Isaiah 33:7 says, “Behold, their valiant ones shall cry without: the ambassadors of peace shall weep bitterly.” The ambassadors for peace certainly wept bitterly a year after Neville Chamberlain proclaimed “peace for our time” in 1938. They will weep bitterly again when the tensions evident at Davos erupt into open war.
After President Trump threatened to take Greenland “one way or the other,” Deutsche Bank warned that the U.S. remains critically dependent on foreign capital inflows; therefore Europe could retaliate by selling treasury bonds. Whether for this reason or another, or a combination, President Trump toned down his rhetoric and said he would settle for an updated defense agreement with Denmark. But this capitulation does not mean a brighter day is upon us.
“For when they shall say, Peace and safety; then sudden destruction cometh upon them, as travail upon a woman with child; and they shall not escape” (1 Thessalonians 5:3).
In the May-June 2025 Trumpet, my article “The Fatal Flaw in Trump’s Foreign Policy” highlighted the naivety of the Trump administration’s belief that “anything can be solved with dialogue.” The president has learned nothing from the failures of dialogue to bring peace to Gaza, Ukraine and other places that are suffering conflict. He feels he just needs to get all the world leaders together in a Board of Peace to talk things out.
This is a delusional take based on a shortsighted view of world history and human nature.

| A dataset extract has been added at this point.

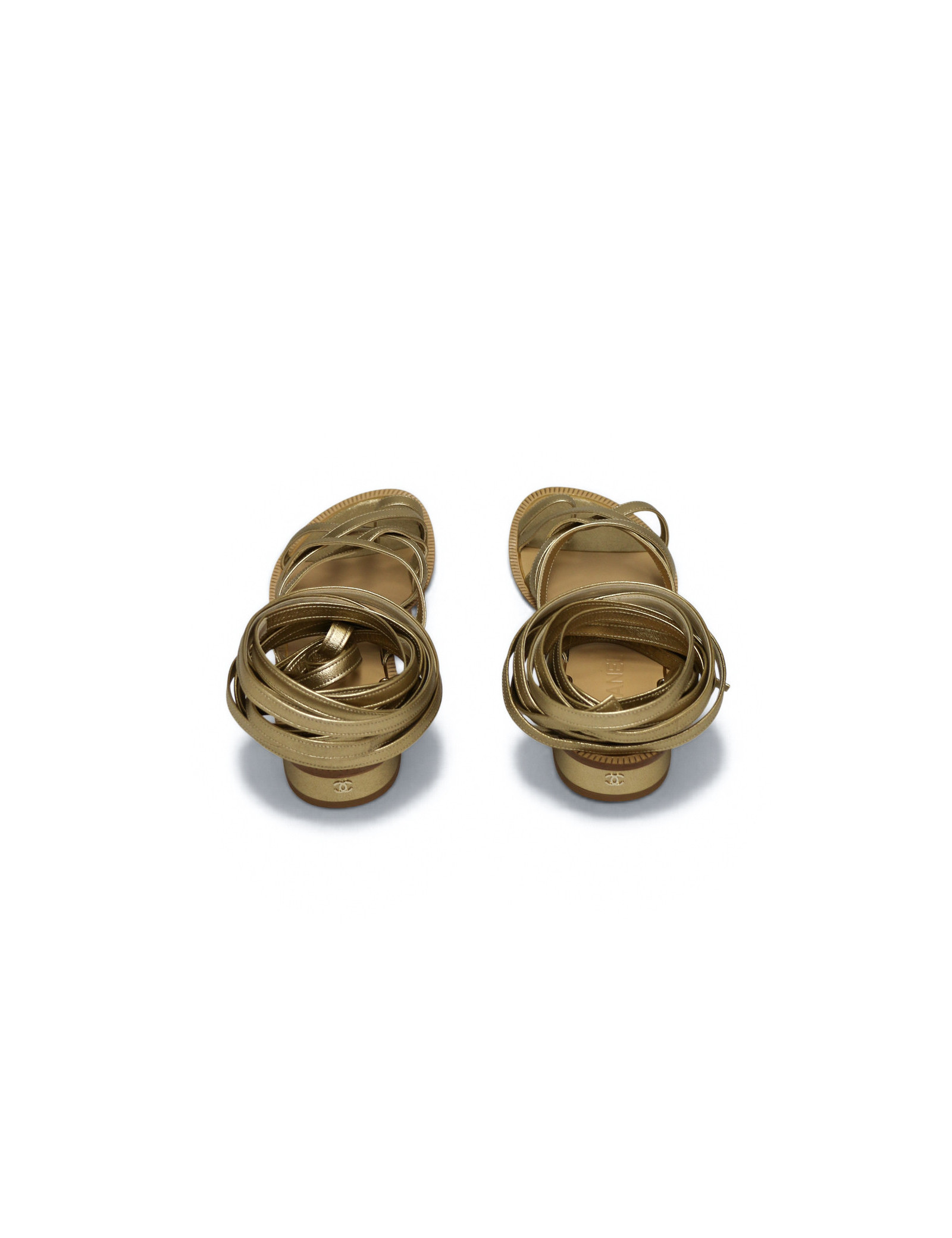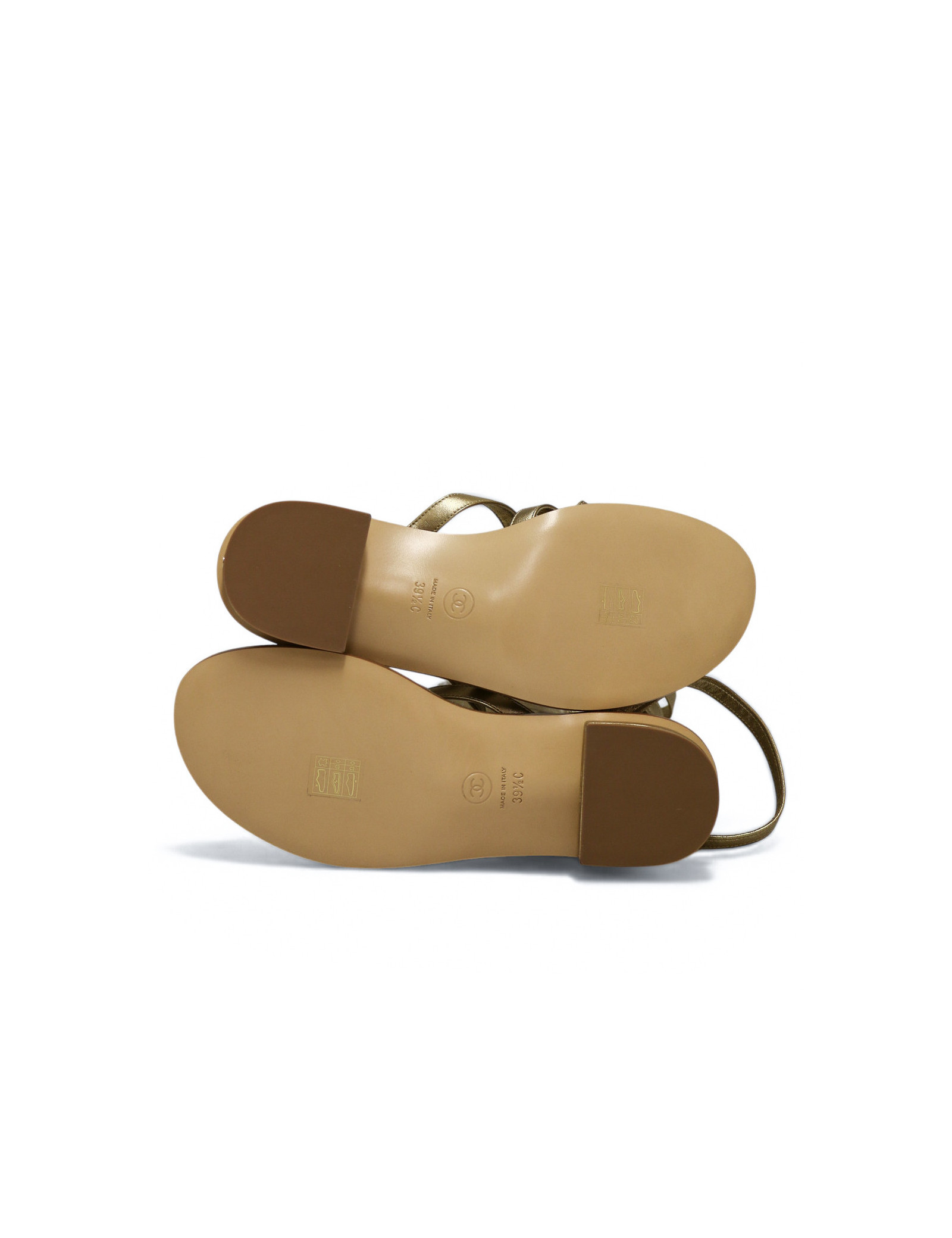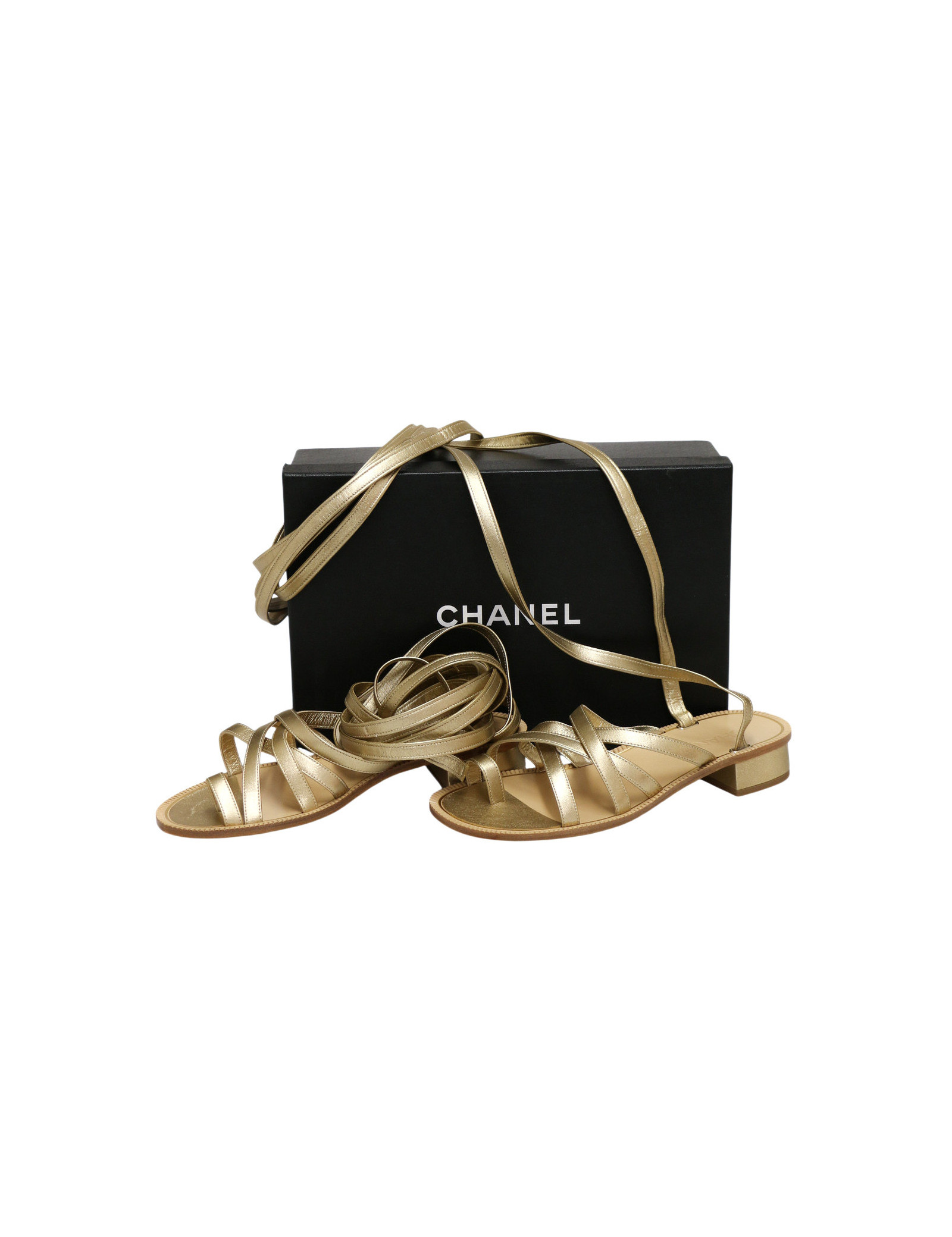 Sandales spartiates Chanel taille 39.5, élégantes réalisées en cuir doré brillant. Elles se présentent avec de fines lanières qui s’entrecroisent sur le pied et s’enroulent autour de la cheville pour un rendu à la fois moderne et raffiné.

President Trump keeps referring to his Board of Peace as the “greatest and most prestigious board ever assembled,” but the League of Nations, established in 1920, and the United Nations, established in 1946, were also great and prestigious boards. What makes the Board of Peace different from these international efforts? The same selfish human nature that scuttled these peace boards is still present in the Board of Peace.
The only difference between 1946 and 2026 is that the world is more dangerous now than it has ever been. There are more than 12,000 nuclear warheads on Earth today, so that is no exaggeration. Burying our heads in the sand and talking about peace will not change this fact.
Hosea prophesied that the leaders of end-time Israel (which include America, Britain and Israel) would be “like a silly, senseless dove, crying to Egypt, flying to Assyria; but as they fly, I fling my net on them, and bring them down like a bird” (Hosea 7:11-12; Moffatt). This analogy well describes America’s naïve foreign policy.
President Trump is talking about “a brighter day” and a “safer future,” but God is preparing a net for the American people if they do not heed His warning message and look to the real Prince of Peace.